Сегодня утром прямо в доке Балтийского завода прогремел взрыв на строящемся эскадренном броненосце «Слава». Взорваны котлы, разнесено в клочья машинное отделение. Весь напряженный график работ полетел псу под хвост – теперь о принятии «Славой» участия в текущей войне не может быть и речи. Имеются человеческие жертвы из числа заводских рабочих. Двух мнений быть не может – очевидная диверсия. В последние месяцы все силы и средства были брошены на то, чтобы пятый броненосец проекта «Бородино» успел присоединиться к своим собратьям, заканчивающим в Кронштадте приготовления к походу на Дальний Восток. Уже ни для кого не было секретом – к отправке на театр боевых действий готовилась 2-я Дальневосточная эскадра под командованием самого адмирала Рожественского. Слава богу, ликвидировали последствия аварии на «Орле», так теперь взрыв на «Славе»… А ведь были реальные шансы ввести новый броненосец в строй вовремя.

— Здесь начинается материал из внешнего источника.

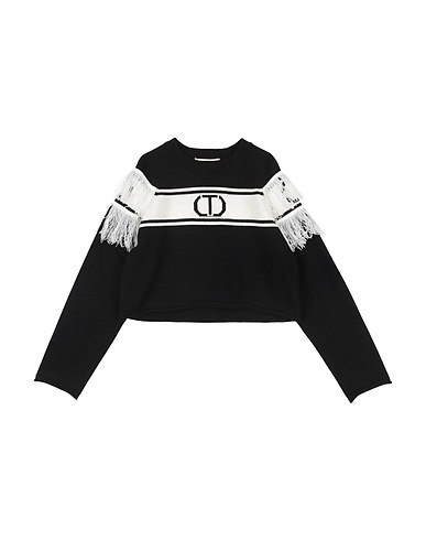 jacquard-knit, lightweight knit, brand logo, fringes, two-tone, crewneck, long sleeves, machine wash or dry clean, do not bleach, do not tumble dry

– Я теряю корабли за тысячи миль от Японии! – гремел Рожественский. – Это как называется?! Что у вас за служба такая, я вас спрашиваю?

Вырин чувствовал, что вопрос риторический, ответа не требует и лучше пока помолчать дальше. Что капитан и сделал. И был прав.

– Это не служба, это черт знает что! Черт знает что! – Сам же и отвечая, Рожественский мерил кабинет широкими шагами. Подойдя к столу, поскреб по его поверхности пятерней. С явным огорчением кинул взгляд на застрявшее в разбитой дверце шкафа пресс-папье – больше швырнуть было нечего.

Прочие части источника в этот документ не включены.